Capri Holdings sold off Versace, raising $1.4 billion to pay down its debt. Gildan Activewear Inc. bought Hanesbrands Inc. in a $2.2 billion strategic deal. And Brazilian private equity firm 3G Capital surprised everyone by taking Skechers USA Inc. private in a $9 billion transaction.

KPMG, in an outlook in November, predicted recent trends would hold. 

“Dealmaking in consumer and retail is expected to remain selective, shaped by persistent macro headwinds and strategic urgency,” KPMG said. “After a [third] quarter defined by divergence between deal value and volume, that bifurcation will continue. Premium, category-defining assets are likely to attract strong bids and command higher valuations, while middling assets will face execution risk and muted interest.”

So the market might continue to see fewer, bigger deals than usual. 

In the third quarter, KPMG found a 4.7 percent decline in the number of deals compared with the preceding quarter, with a total of 509 transactions across consumer and retail. However, those deals were valued at a total of $44.8 billion, an increase of 24.1 percent from the second quarter, when the market was particularly scrambled by the trade war.

“The rationale behind transactions will remain varied but largely defensive,” KPMG said. “Spins, carve-outs, and targeted divestitures are expected to outpace scale-driven acquisitions as companies seek to generate cash, sharpen portfolio focus, and exit underperforming units. Take-private transactions will remain an option for undervalued public players looking to escape quarterly scrutiny and reset operations. Private equity firms, meanwhile, will lean into scenario-based underwriting, stress-testing recession cases and exit timing while prioritizing categories with proven rebound profiles.”

In fashion, the brand management companies are expected to continue to play a big role in dealmaking. 

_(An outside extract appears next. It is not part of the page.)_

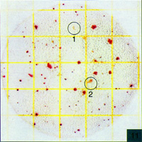 Count=83因?yàn)樵趐etrifilm AC測試片上菌落是紅色的,你會和不透明的不規(guī)則形狀的事物顆粒區(qū)分開,見圓圈1和2. |

Authentic Brands Group — the industry gorilla — cut a deal to buy Guess Inc. last year, moving toward annual retail sales of $38 billion. Elsewhere, Marquee Brands bought Stance, Bluestart Alliance acquired Dickies and WHP Global linked with Vera Wang. 

They are all primed for more this year and see plenty of opportunity to buy brands that are well known and have global reach, but could benefit from a new business model — one with much less overhead and no inventory risk.